Copy the data exactly. Images are to be left out.

● **Supplied data**:
────────

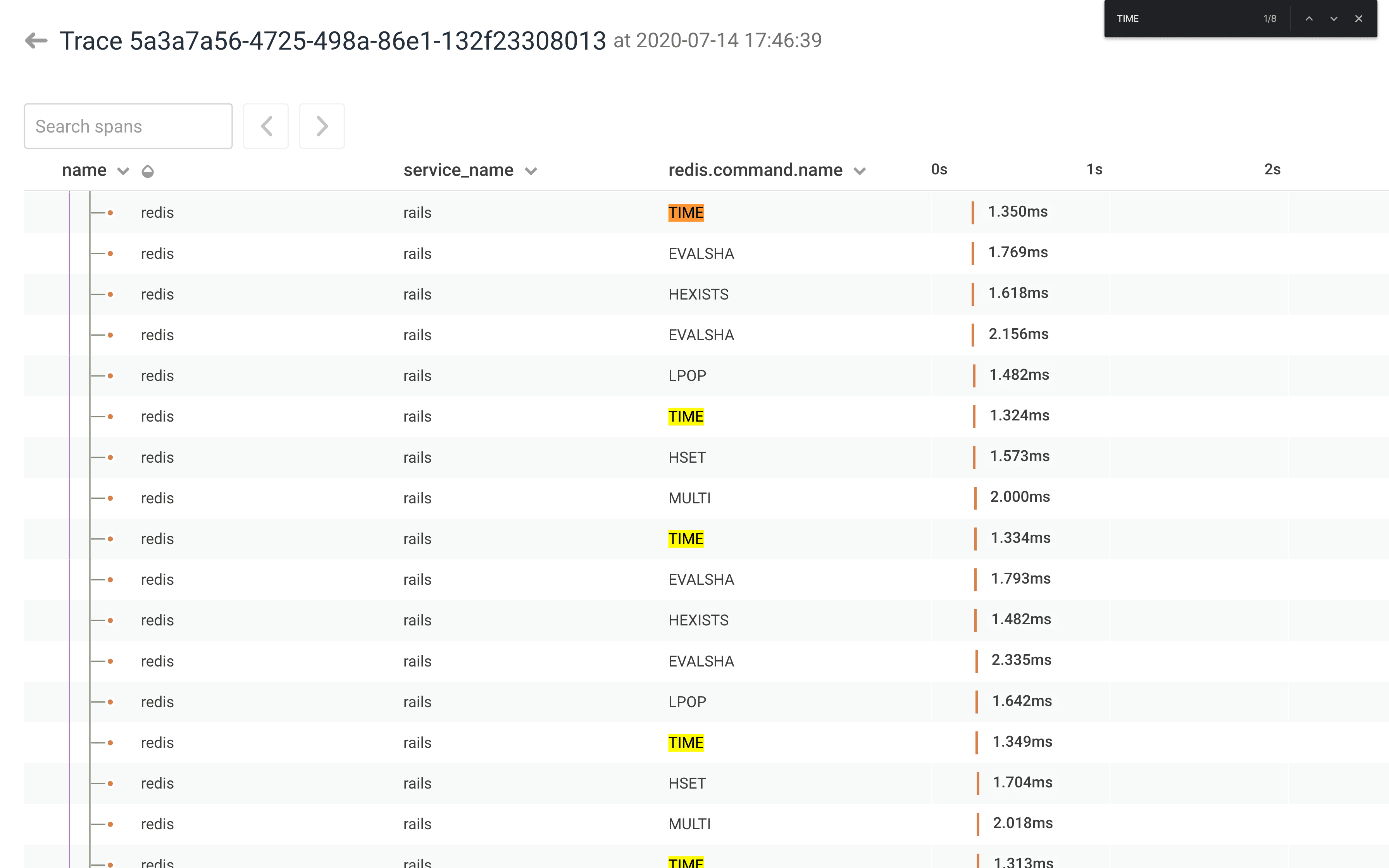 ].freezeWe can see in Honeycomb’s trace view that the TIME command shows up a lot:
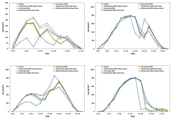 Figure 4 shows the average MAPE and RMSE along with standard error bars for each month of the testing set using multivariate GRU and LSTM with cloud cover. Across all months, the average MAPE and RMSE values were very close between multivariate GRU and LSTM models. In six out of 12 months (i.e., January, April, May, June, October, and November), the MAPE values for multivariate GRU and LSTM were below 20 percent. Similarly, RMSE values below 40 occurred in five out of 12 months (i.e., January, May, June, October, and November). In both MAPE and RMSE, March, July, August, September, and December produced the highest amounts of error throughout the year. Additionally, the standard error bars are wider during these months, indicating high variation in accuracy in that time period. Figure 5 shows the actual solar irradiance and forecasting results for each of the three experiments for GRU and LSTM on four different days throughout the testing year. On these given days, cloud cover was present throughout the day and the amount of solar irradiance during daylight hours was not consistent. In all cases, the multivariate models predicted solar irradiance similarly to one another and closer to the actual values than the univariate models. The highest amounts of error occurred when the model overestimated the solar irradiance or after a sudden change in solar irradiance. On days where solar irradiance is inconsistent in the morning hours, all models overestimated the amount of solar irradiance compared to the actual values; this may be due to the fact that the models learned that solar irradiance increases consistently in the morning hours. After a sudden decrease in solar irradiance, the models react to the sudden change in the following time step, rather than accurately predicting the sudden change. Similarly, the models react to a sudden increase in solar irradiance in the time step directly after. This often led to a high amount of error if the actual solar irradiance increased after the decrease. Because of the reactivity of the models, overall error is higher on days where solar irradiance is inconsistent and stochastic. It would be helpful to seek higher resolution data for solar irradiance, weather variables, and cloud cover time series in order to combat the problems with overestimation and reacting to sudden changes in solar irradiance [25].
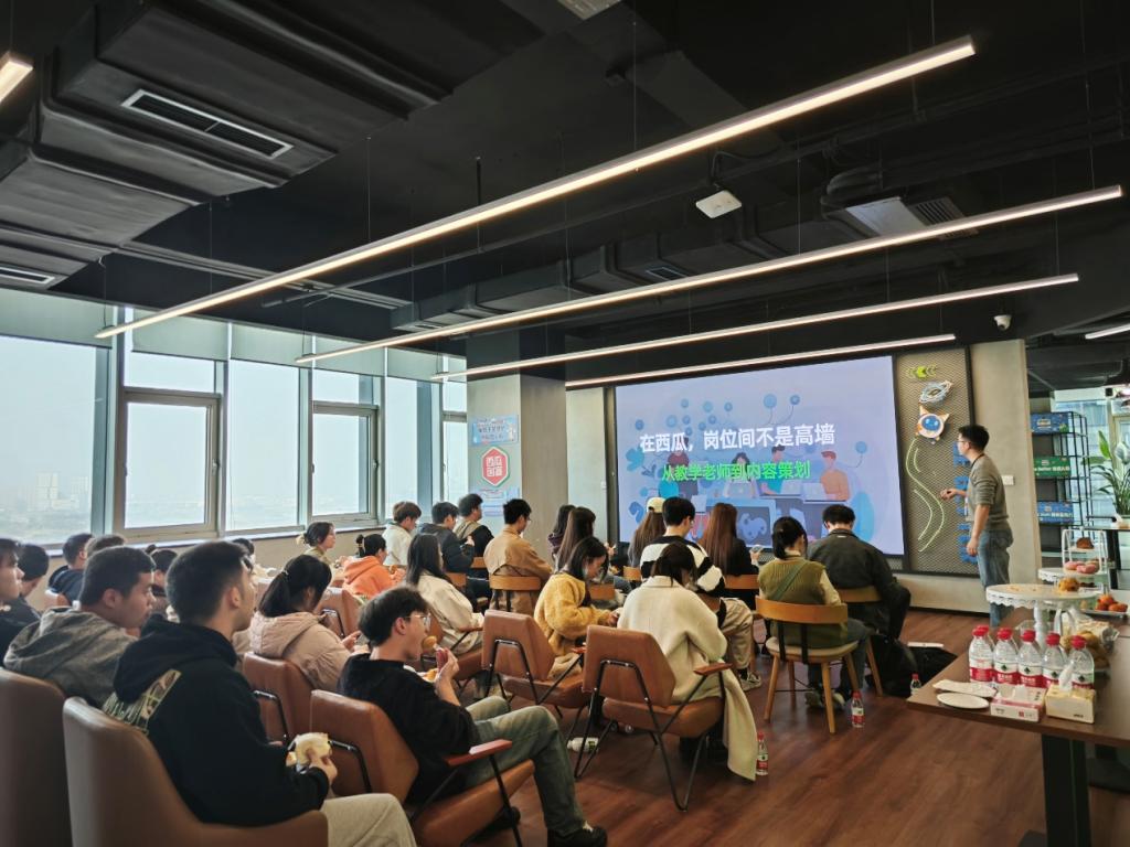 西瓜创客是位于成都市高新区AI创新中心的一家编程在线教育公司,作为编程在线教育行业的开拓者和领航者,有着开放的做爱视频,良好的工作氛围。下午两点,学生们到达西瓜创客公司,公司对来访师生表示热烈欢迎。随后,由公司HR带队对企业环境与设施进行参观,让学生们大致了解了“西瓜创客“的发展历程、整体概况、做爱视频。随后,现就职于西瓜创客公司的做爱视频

────────

● **Answer to the problem**:
 ].freezeWe can see in Honeycomb’s trace view that the TIME command shows up a lot:
 Figure 4 shows the average MAPE and RMSE along with standard error bars for each month of the testing set using multivariate GRU and LSTM with cloud cover. Across all months, the average MAPE and RMSE values were very close between multivariate GRU and LSTM models. In six out of 12 months (i.e., January, April, May, June, October, and November), the MAPE values for multivariate GRU and LSTM were below 20 percent. Similarly, RMSE values below 40 occurred in five out of 12 months (i.e., January, May, June, October, and November). In both MAPE and RMSE, March, July, August, September, and December produced the highest amounts of error throughout the year. Additionally, the standard error bars are wider during these months, indicating high variation in accuracy in that time period. Figure 5 shows the actual solar irradiance and forecasting results for each of the three experiments for GRU and LSTM on four different days throughout the testing year. On these given days, cloud cover was present throughout the day and the amount of solar irradiance during daylight hours was not consistent. In all cases, the multivariate models predicted solar irradiance similarly to one another and closer to the actual values than the univariate models. The highest amounts of error occurred when the model overestimated the solar irradiance or after a sudden change in solar irradiance. On days where solar irradiance is inconsistent in the morning hours, all models overestimated the amount of solar irradiance compared to the actual values; this may be due to the fact that the models learned that solar irradiance increases consistently in the morning hours. After a sudden decrease in solar irradiance, the models react to the sudden change in the following time step, rather than accurately predicting the sudden change. Similarly, the models react to a sudden increase in solar irradiance in the time step directly after. This often led to a high amount of error if the actual solar irradiance increased after the decrease. Because of the reactivity of the models, overall error is higher on days where solar irradiance is inconsistent and stochastic. It would be helpful to seek higher resolution data for solar irradiance, weather variables, and cloud cover time series in order to combat the problems with overestimation and reacting to sudden changes in solar irradiance [25].
 西瓜创客是位于成都市高新区AI创新中心的一家编程在线教育公司,作为编程在线教育行业的开拓者和领航者,有着开放的做爱视频,良好的工作氛围。下午两点,学生们到达西瓜创客公司,公司对来访师生表示热烈欢迎。随后,由公司HR带队对企业环境与设施进行参观,让学生们大致了解了“西瓜创客“的发展历程、整体概况、做爱视频。随后,现就职于西瓜创客公司的做爱视频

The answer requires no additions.